Concetti Chiave
- Il proemio dell'Odissea è più lungo di quello dell'Iliade, ma entrambi si rivolgono alla Musa per ispirazione.
- Il tema centrale dell'Iliade è l'ira di Achille, mentre l'Odissea narra le avventure di Ulisse, evidenziando le sue sventure.
- Achille, il guerriero più forte degli Achei, si ritira dalla battaglia, causando gravi perdite per i Greci.
- Odisseo, re di Itaca, affronta dieci anni di pericoli per tornare a casa, ma perde i suoi compagni a causa di una punizione divina.
- Entrambi i proemi appartengono al genere epico, esaltando le gesta di eroi e il loro rapporto con divinità.
Qual è il confronto tra i proemi dell'Iliade e dell'Odissea?
Innanzi tutto il proemio dell’Odissea è più lungo di quello dell’Iliade, ma in entrambi il poeta si rivolge alla Musa (Calliope, Musa dell’elegia) affinché lo ispiri con i suoi racconti. Altra cosa che accomuna i due proemi è che entrambi appartengono al genere letterario dell'epica, un genere che esalta le vicende di un eroe o di un popolo, prevedendo anche interventi di natura divina. Nel proemio dell’Iliade l’argomento è l’ira rovinosa di Achille, mentre in quello dell’Odissea l’argomento è il vero e proprio protagonista, Ulisse, per lo più soggetto di sventure. Non a caso il titolo “Iliade” si riferisce ad Ilio, la città di Troia, quindi un insieme di personaggi e vicende, mentre il titolo dell’Odissea è riferito ad Ulisse (Odisseo).
Achille e il proemio dell'Iliade
Nell'Iliade l'eroe che viene nominato per primo è il Pelìde Achille, cioè Achille figlio di Peleo.
Il proemio anticipa fatti che verranno ripresi nel poema:
Dopo un furioso litigio fra Achille ed Agamennone, comandante in capo della spedizione degli Achei per partecipare all'assedio della città di Troia, Achille si ritira nella sua tenda e né lui né i suoi soldati parteciperanno più alle battaglie contro i Troiani e questo causerà ai Greci un sacco di morti perché Achille era il loro guerriero più forte.

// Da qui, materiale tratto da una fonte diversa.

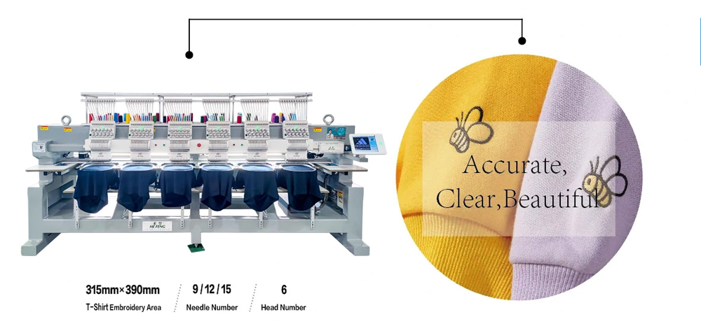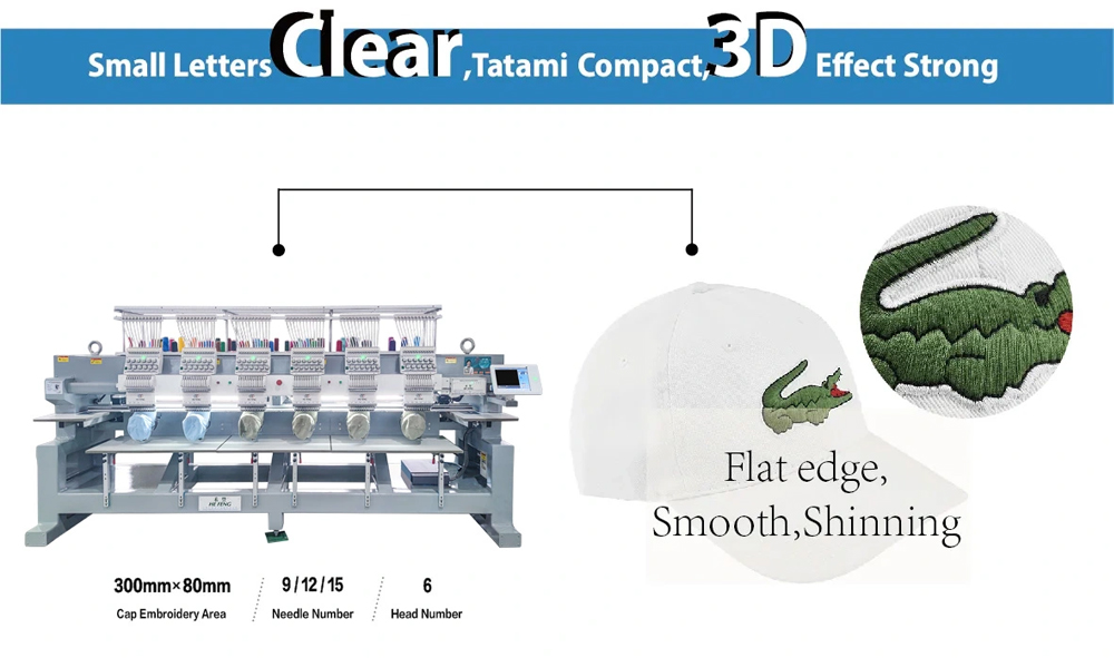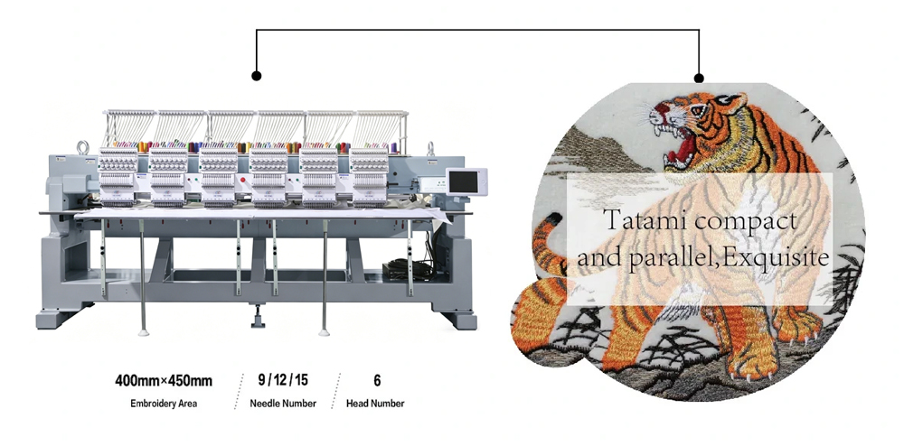 | Model | Needle No. | Head No. | Embroidery Area (mm) | Shirt Embroidery (mm) | Cap Embroidery (mm) | Machine Size (mm) |

Odisseo e il proemio dell'Odissea
Nell'Odissea l'eroe nominato per primo è il protagonista, cioè Odisseo.
Il proemio si apre con l’invocazione alla musa, affinché ella narri le avventure di Odisseo, re di Itaca.
L’eroe dal "multiforme ingegno" (accorto, prudente), affronta in dieci anni di peregrinazioni per terra e per mare (soprattutto per mare) numerosi pericoli, pur di far ritorno in patria insieme ai suoi compagni.
Dopo aver a lungo sofferto, riesce a salvare se stesso, ma non i compagni che, per essersi cibati dei buoi sacri al dio Sole, vengono puniti con la morte.
Domande da interrogazione
- Qual è la principale differenza tra i proemi dell'Iliade e dell'Odissea?
- Qual è l'evento cruciale che viene anticipato nel proemio dell'Iliade?
- Quali sono le principali avventure di Odisseo descritte nel proemio dell'Odissea?
Il proemio dell'Odissea è più lungo e si concentra su Ulisse, mentre quello dell'Iliade si focalizza sull'ira di Achille. Entrambi, però, si rivolgono alla Musa per ispirazione e appartengono al genere epico.
Il proemio dell'Iliade anticipa il litigio tra Achille e Agamennone, che porta Achille a ritirarsi dalla battaglia, causando gravi perdite per i Greci, poiché era il loro guerriero più forte.
Il proemio dell'Odissea narra delle dieci anni di viaggi e pericoli affrontati da Odisseo per tornare a Itaca, evidenziando la sua astuzia e il tragico destino dei suoi compagni, puniti per aver mangiato i buoi sacri al dio Sole.